The tutorial days are over, and the conference is beginning. Actually, it began last night with some open source community awards and talks by Mark Shuttleworth, Robert (r0ml) Lefkowitz, and Damian Conway. I don’t know why they do that at night (until 10:00 PM, or effectively 1:00 AM for us east coast folks) but they were really good.
This morning began with the typical OSCON sponsor keynotes. These can be good but generally haven’t been at other OSCONs, and I feel their existence is actually disrespectful to paying attendees. Our attention is not a commodity to be delivered to sponsors. At RailsConf this year I saw how the conference got the sponsors and attendees together to benefit both sides, and was impressed. OSCON doesn’t have a good history of doing that, even though the same company manages both conferences. I wasn’t feeling well, so I slept in a bit and skipped those sponsored keynotes. My colleagues tell me that I didn’t miss anything.
The first actual session didn’t start until 10:45 AM, and I’m at it now. I’m starting with a panel discussion on open education. The participants are extremely diverse, very knowledgeable, and interesting speakers. The topic doesn’t directly relate to my own work, but it’s important. The vast majority of people in the world are extremely poor. They’re just as smart and capable as those of us in the wealthy countries, but don’t have the resources we have that let us prosper.

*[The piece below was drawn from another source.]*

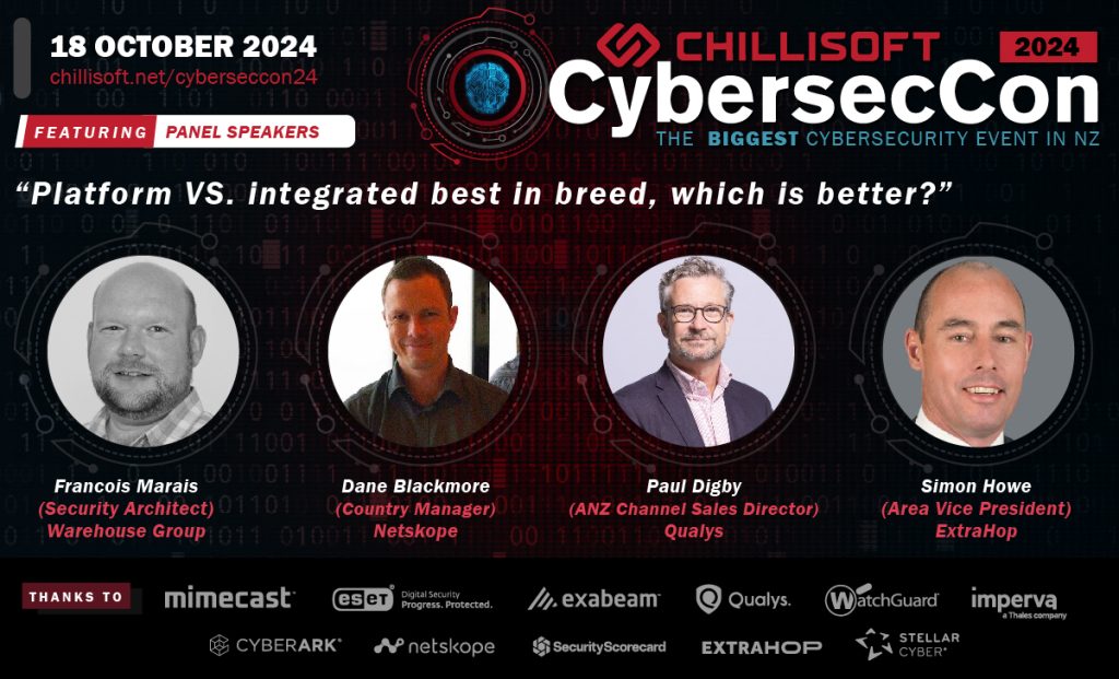 Featuring: Francois Marais (Warehouse Group) Security Architect, Dane Blackmore (Netskope, Country Manager), Paul Digby (Qualys, ANZ Channel Sales Director), Simon Howe (ExtraHop, Area Vice President)
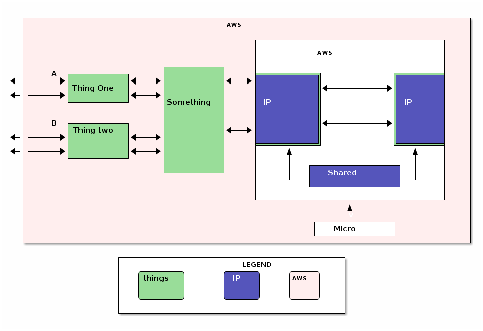 @startditaa +----------------------------------------------------------------------------------------+ | AWS | | | | +-------------------------------------+ | | | cGRE | | | | AWS | | | | | | | +-----------+ | | | | A +-----------+ | | +------------+ +---------+ | <-|------->+ +<---->+ +<--->+ | | | | | |Thing One | | | | +<------------>+ | | <-|------->+ cGRE +<---->+ | | | | | | | +-----------+ |Something | | IP | | IP | | | | | | | | | | | | cGRE | | cBLU | | cBLU | | | B +-----------+ | | | +<------------>+ | | | |Thing two | | +<--->+ | | | | <-|------->+ +<---->+ | | | | | | | | cGRE | | | +------+-----+ +---------+ | <-|------->+ +<---->+ | | ^ ^ | | | +-----------+ | | | | | | | | | | | | +-----------------+ | + | | +-----------+ | | | Shared | | | | | | +---+ cBLU +--+ | | | | +-----------------+ | | | | | | | +------------------+------------------+ | | ^ | | v | | cFEE +------+--------+ | | | Micro | | | +---------------+ | +----------------------------------------------------------------------------------------+ +--------------------------------------------+ | LEGEND | | /--------\ /------\ /-----\ | | |things | | IP | |AWS | | | |cGRE | |cBLU | |cFEE | | | | | | | | | | | \--------/ \------/ \-----/ | | cFFF | +--------------------------------------------+ @endditaa

Knowledge is one of those resources they need, and the foundation of many other needed things. Computers and the Internet can have a great impact on that, but only if the information itself is available and accessible. The panel participants are working on making that happen.
My second session (conveniently in the same room) is on Metaprogramming in Ruby. Now this is extremely germane to my work, so I hope it’s a great talk. It’s starting well, and deserves my full attention.
And it kept going well and getting better. Brian Sam-Bodden of Integrallis is a great speaker. I loved the way he showed live demos – by recording them and including the recordings (at a nice, reasonable speed) in his slides, instead of jumping from window to window. He’ll be posting his slides on his company’s website soon (probably on this page), and I recommend you go find them.